(GIVEN INFORMATION Opens)

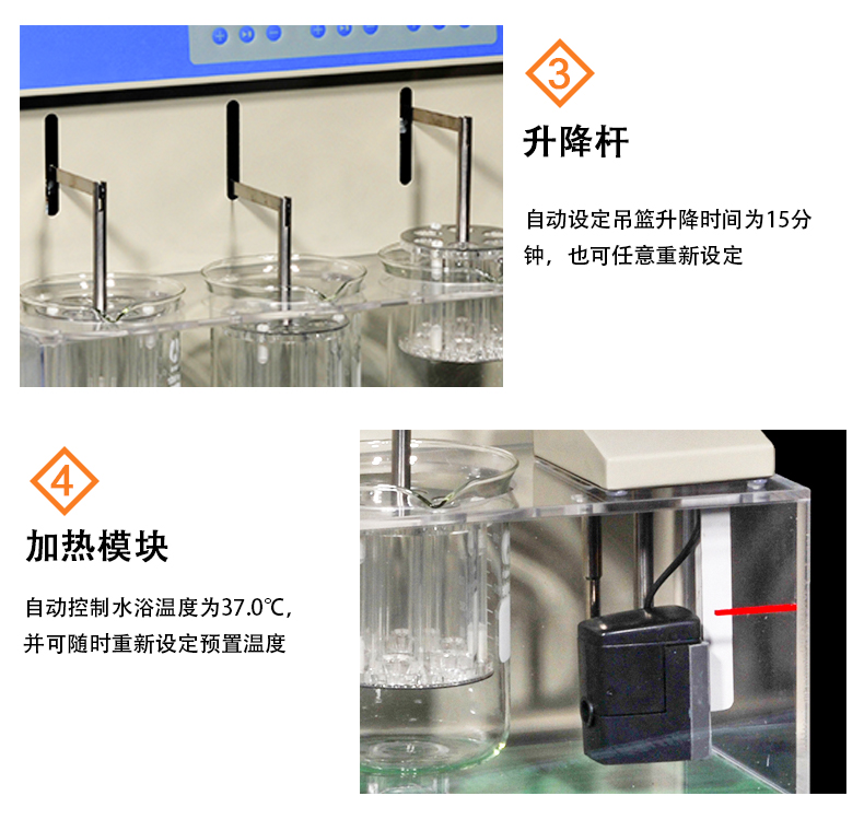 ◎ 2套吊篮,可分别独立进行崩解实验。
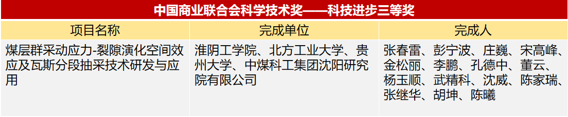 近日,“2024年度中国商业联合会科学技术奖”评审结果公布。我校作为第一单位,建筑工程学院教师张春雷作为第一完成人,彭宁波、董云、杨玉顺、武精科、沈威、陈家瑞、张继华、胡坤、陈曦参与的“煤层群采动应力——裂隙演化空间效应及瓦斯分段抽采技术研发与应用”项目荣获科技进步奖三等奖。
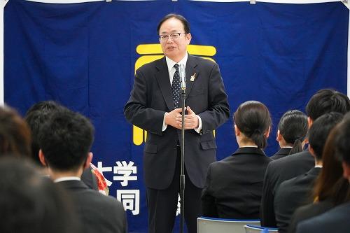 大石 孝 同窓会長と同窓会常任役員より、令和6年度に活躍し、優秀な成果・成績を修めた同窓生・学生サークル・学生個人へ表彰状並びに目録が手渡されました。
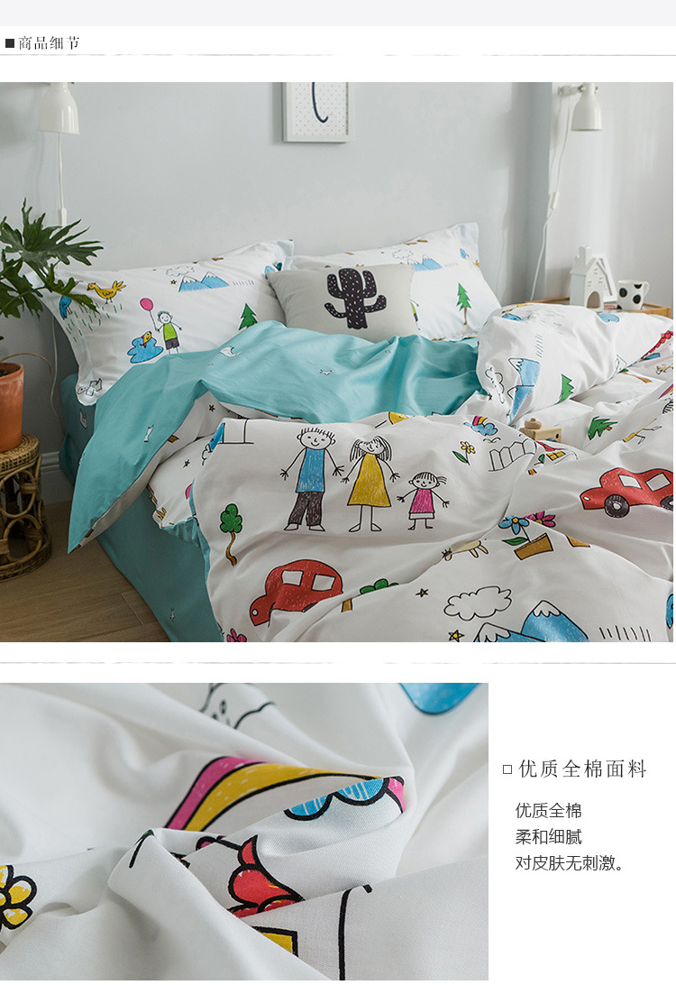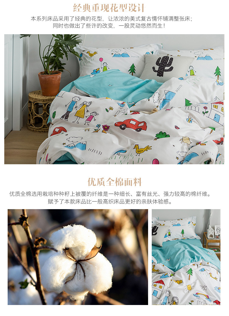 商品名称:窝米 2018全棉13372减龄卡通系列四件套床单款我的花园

(GIVEN INFORMATION Closes)

# [EXERCISE DETAILS]
Return the full listing above exactly as written, and omit the pictures.

# [COMPLETED TASK]
 ◎ 2套吊篮,可分别独立进行崩解实验。
 近日,“2024年度中国商业联合会科学技术奖”评审结果公布。我校作为第一单位,建筑工程学院教师张春雷作为第一完成人,彭宁波、董云、杨玉顺、武精科、沈威、陈家瑞、张继华、胡坤、陈曦参与的“煤层群采动应力——裂隙演化空间效应及瓦斯分段抽采技术研发与应用”项目荣获科技进步奖三等奖。
 大石 孝 同窓会長と同窓会常任役員より、令和6年度に活躍し、優秀な成果・成績を修めた同窓生・学生サークル・学生個人へ表彰状並びに目録が手渡されました。
 商品名称:窝米 2018全棉13372减龄卡通系列四件套床单款我的花园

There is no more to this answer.